What you return must match the listing below line for line, minus its pictures.

→ Data excerpt
= Beginning of Section =
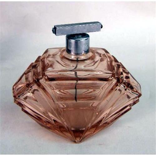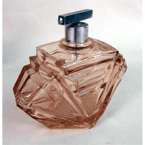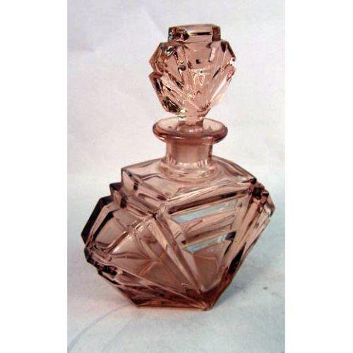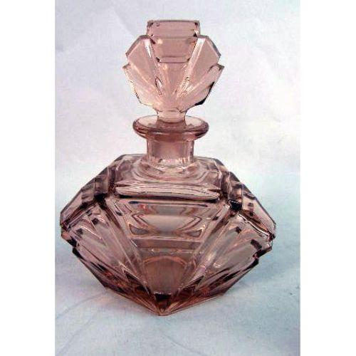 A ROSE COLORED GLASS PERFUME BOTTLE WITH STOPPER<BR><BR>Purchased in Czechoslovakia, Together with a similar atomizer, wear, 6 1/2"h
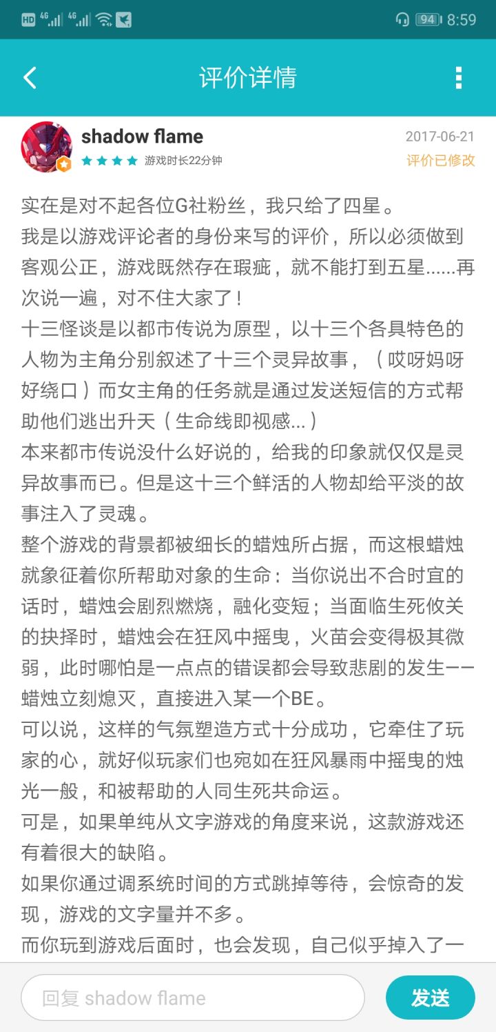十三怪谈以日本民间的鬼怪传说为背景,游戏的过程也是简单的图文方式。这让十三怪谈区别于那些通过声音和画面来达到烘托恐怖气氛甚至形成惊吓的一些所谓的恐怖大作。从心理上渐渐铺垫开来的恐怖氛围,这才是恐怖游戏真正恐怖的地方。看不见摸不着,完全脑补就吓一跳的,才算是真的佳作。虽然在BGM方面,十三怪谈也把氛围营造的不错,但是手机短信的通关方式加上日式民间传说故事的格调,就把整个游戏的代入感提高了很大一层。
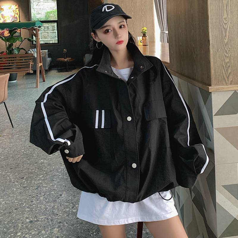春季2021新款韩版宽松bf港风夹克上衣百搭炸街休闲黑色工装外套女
= End of Section =
→ Task output
 A ROSE COLORED GLASS PERFUME BOTTLE WITH STOPPER<BR><BR>Purchased in Czechoslovakia, Together with a similar atomizer, wear, 6 1/2"h
十三怪谈以日本民间的鬼怪传说为背景,游戏的过程也是简单的图文方式。这让十三怪谈区别于那些通过声音和画面来达到烘托恐怖气氛甚至形成惊吓的一些所谓的恐怖大作。从心理上渐渐铺垫开来的恐怖氛围,这才是恐怖游戏真正恐怖的地方。看不见摸不着,完全脑补就吓一跳的,才算是真的佳作。虽然在BGM方面,十三怪谈也把氛围营造的不错,但是手机短信的通关方式加上日式民间传说故事的格调,就把整个游戏的代入感提高了很大一层。
春季2021新款韩版宽松bf港风夹克上衣百搭炸街休闲黑色工装外套女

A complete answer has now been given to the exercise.